# Given data
________________________
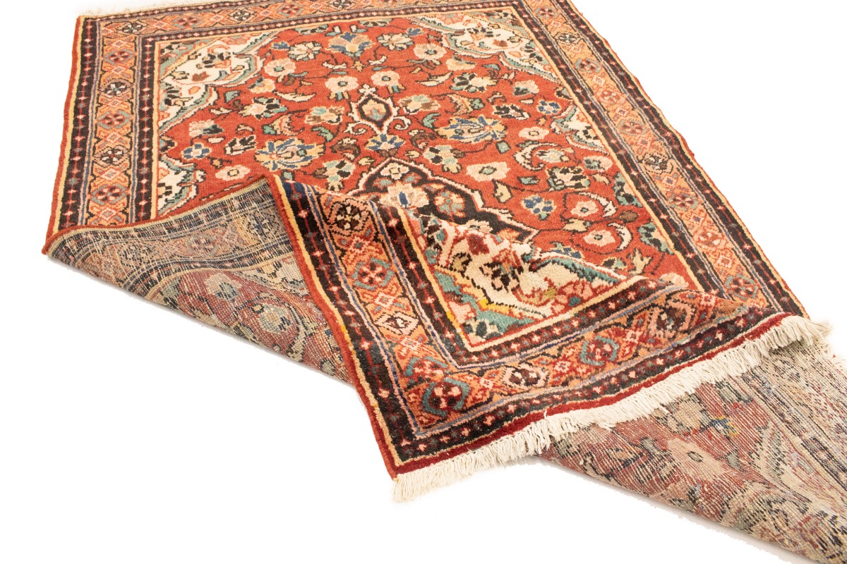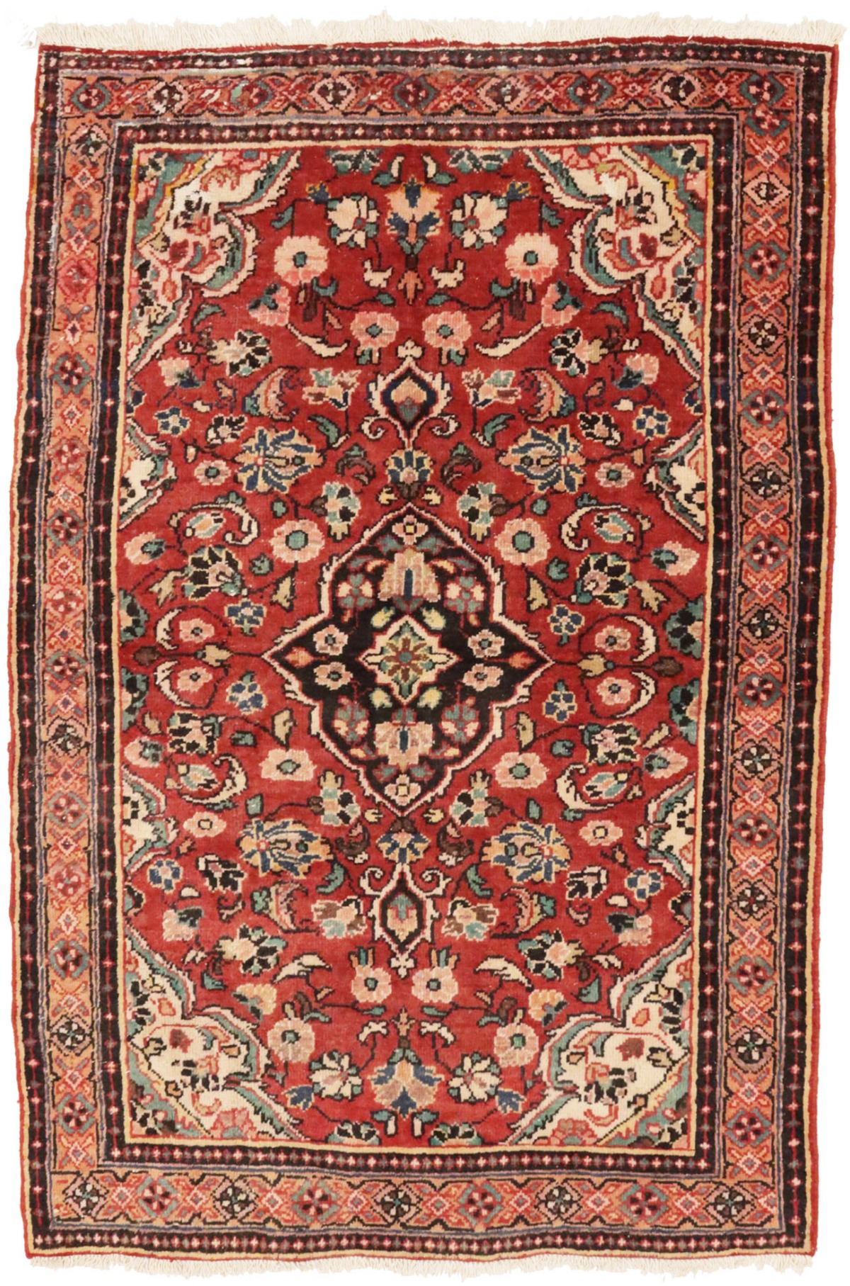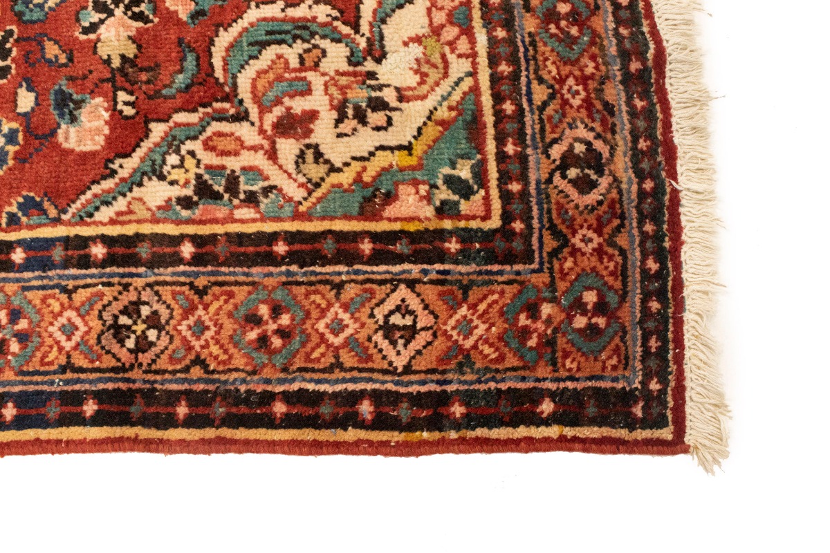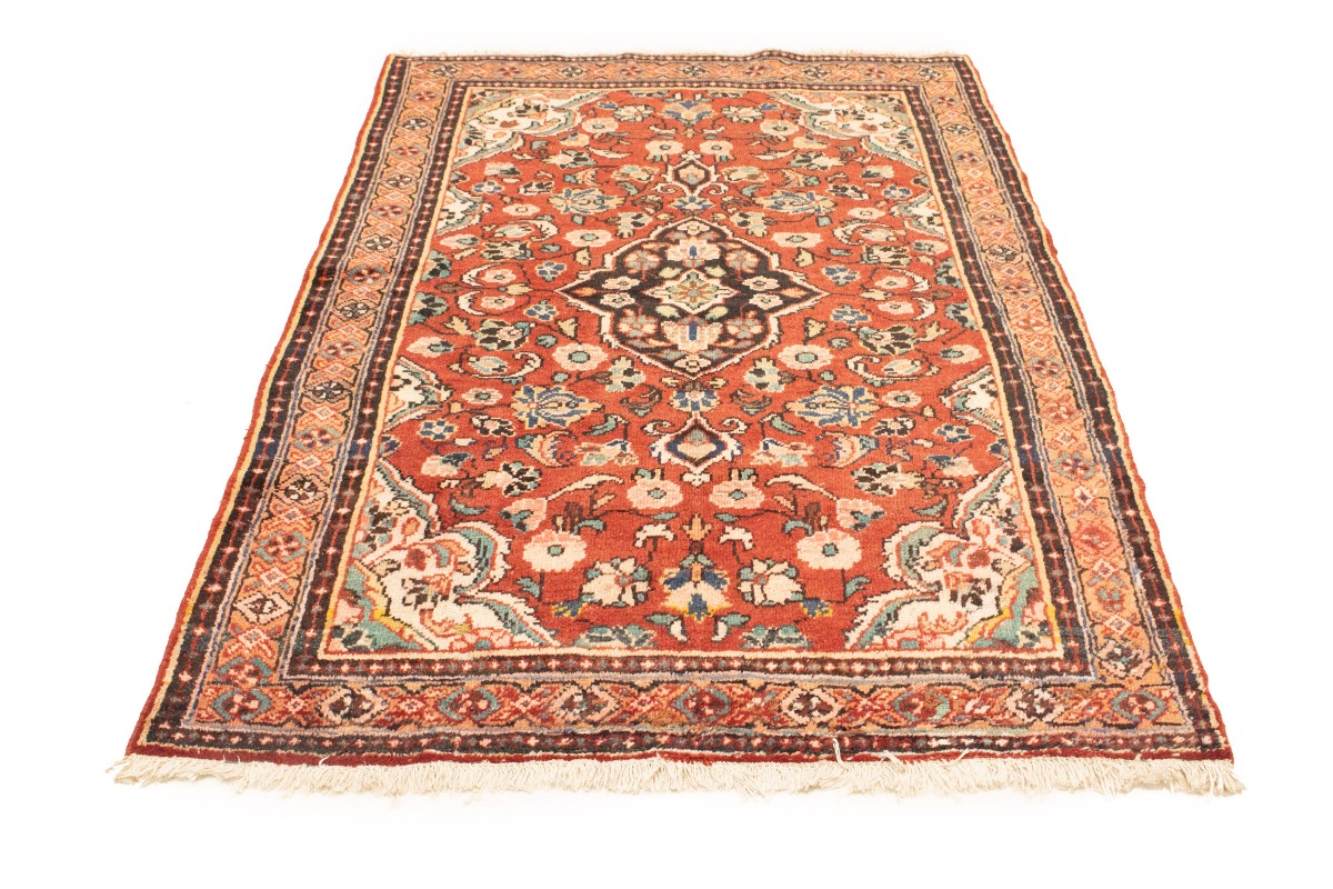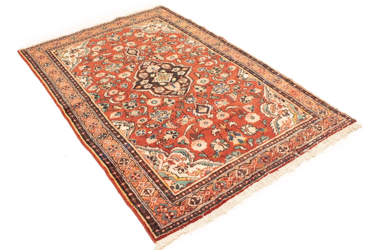 Handmade semi antique 4'3X6'5 red Persian rug made with vegetable dyes (fine wool pile and cotton foundation), superior knot count, and appealing ancient designs. This Oriental rug never will go out of style and would be among your most valuable treasures.
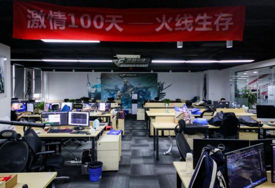 风际游戏的旧办公室也在软件园,屋中挂着“激情100天,火线生存”的标语。摄影:润程
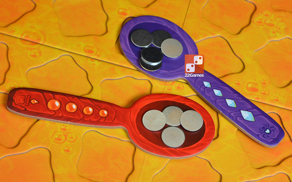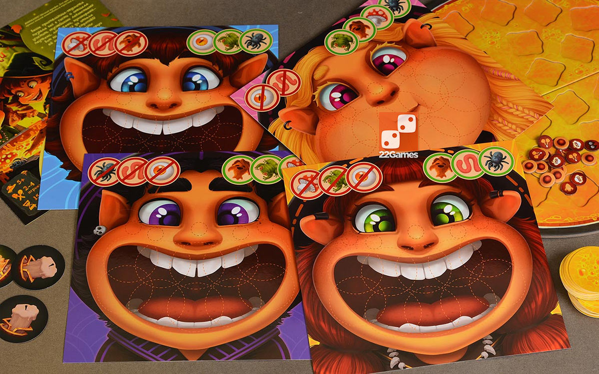 Затем вы объединяетесь в пары для поединков. Каждый участник берёт две карточки еды и по команде бросает их в котёл. А после – остаётся только схватить волшебные ложки – и начнётся самое интересное! Вам предстоит за один ловкий проход выудить из котла как можно больше лакомств. Сверяйтесь со своим планшетом: только та еда, что отмечена зелёным цветом, принесёт вам победу. Ведите ложку уверенно, подцепляйте съедобные карточки, отодвигая те, что могут наградить вас противной бородавкой! Тот, кто закончил первым, начинает обратный отсчёт. После этого проверьте улов: берите бородавку с особым эффектом за каждую вредную еду, оставляйте не более четырёх съедобных карточек, а бульон возвращайте в котёл.
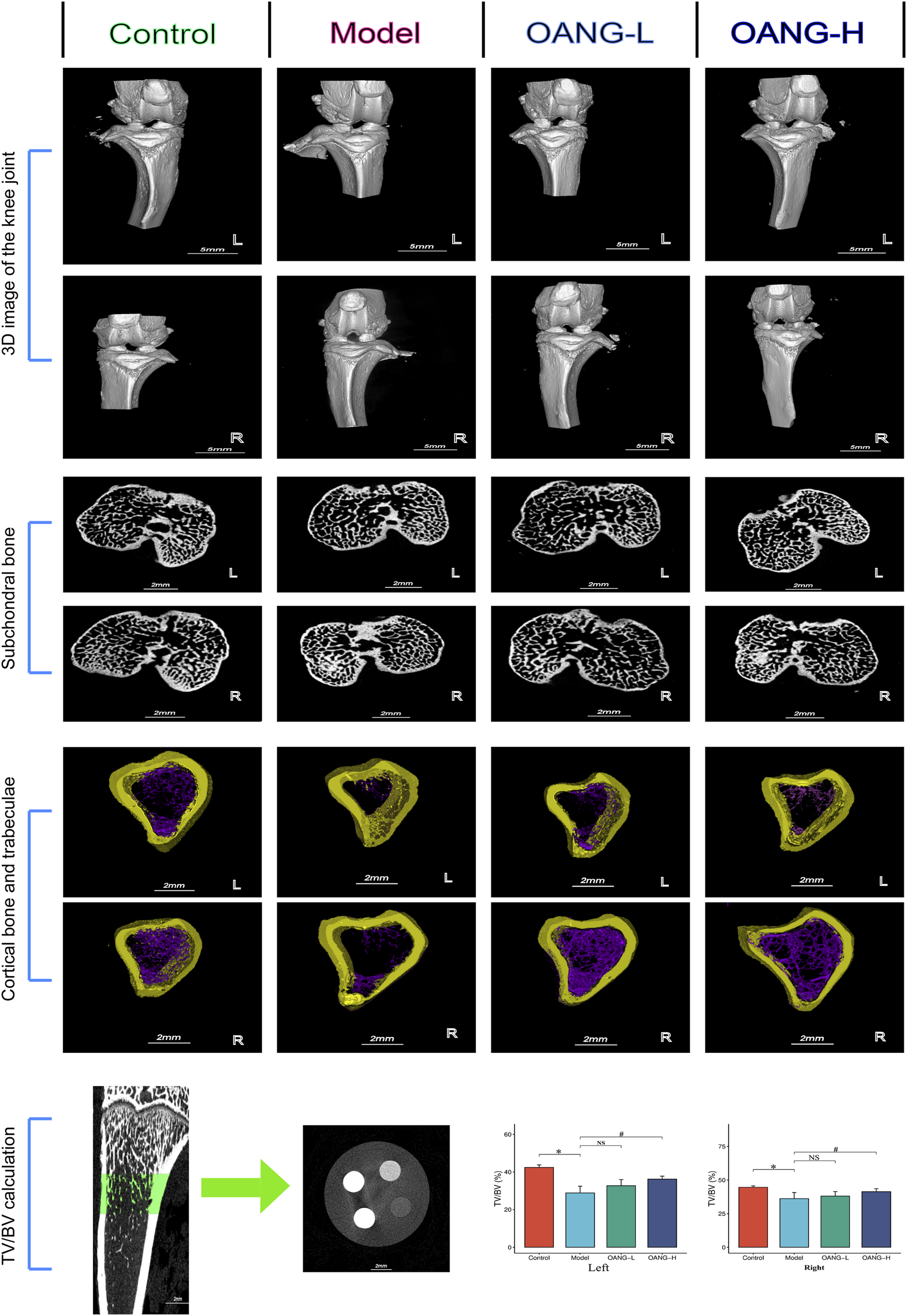 Micro-CT 3D reconstruction of the knee joint revealed decreased subchondral bone porosity in the Model group, indicative of osteosclerosis. OANG treatment reduced cartilage damage and increased porosity (Figures 2, 3D structure). The joint space was larger in the modeled left knee than in the right knee, but after OANG administration, porosity between the two knees became comparable, suggesting improved joint integrity.
________________________
# What you need to do
Everything in the listing except the pictures must be reproduced exactly.

# Task solution
 Handmade semi antique 4'3X6'5 red Persian rug made with vegetable dyes (fine wool pile and cotton foundation), superior knot count, and appealing ancient designs. This Oriental rug never will go out of style and would be among your most valuable treasures.
 风际游戏的旧办公室也在软件园,屋中挂着“激情100天,火线生存”的标语。摄影:润程
 Затем вы объединяетесь в пары для поединков. Каждый участник берёт две карточки еды и по команде бросает их в котёл. А после – остаётся только схватить волшебные ложки – и начнётся самое интересное! Вам предстоит за один ловкий проход выудить из котла как можно больше лакомств. Сверяйтесь со своим планшетом: только та еда, что отмечена зелёным цветом, принесёт вам победу. Ведите ложку уверенно, подцепляйте съедобные карточки, отодвигая те, что могут наградить вас противной бородавкой! Тот, кто закончил первым, начинает обратный отсчёт. После этого проверьте улов: берите бородавку с особым эффектом за каждую вредную еду, оставляйте не более четырёх съедобных карточек, а бульон возвращайте в котёл.
 Micro-CT 3D reconstruction of the knee joint revealed decreased subchondral bone porosity in the Model group, indicative of osteosclerosis. OANG treatment reduced cartilage damage and increased porosity (Figures 2, 3D structure). The joint space was larger in the modeled left knee than in the right knee, but after OANG administration, porosity between the two knees became comparable, suggesting improved joint integrity.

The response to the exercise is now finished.